>>>>>

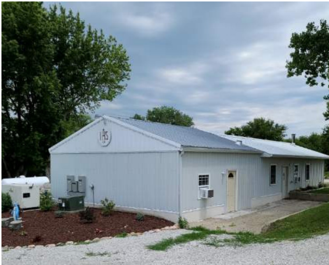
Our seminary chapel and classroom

<<<<<
>>>>>

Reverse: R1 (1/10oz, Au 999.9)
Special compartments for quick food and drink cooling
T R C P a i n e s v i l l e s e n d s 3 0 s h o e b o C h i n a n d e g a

<<<<<
>>>>>

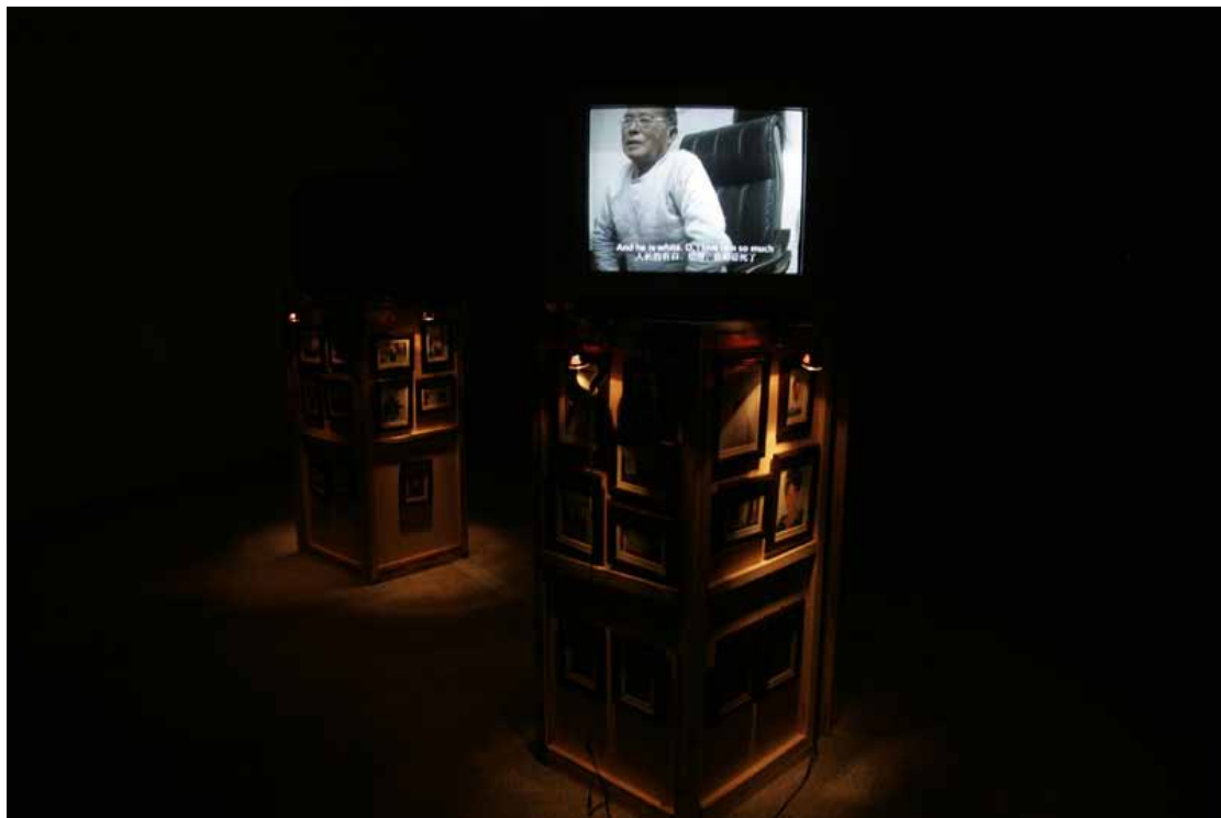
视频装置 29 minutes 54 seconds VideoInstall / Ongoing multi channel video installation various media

<<<<<

What the task requires » Give back the records above exactly, limited to the lines between the one holding "Special compartments for" and the one holding "T R C P a i", inclusive.

Written answer »
Special compartments for quick food and drink cooling
T R C P a i n e s v i l l e s e n d s 3 0 s h o e b o C h i n a n d e g a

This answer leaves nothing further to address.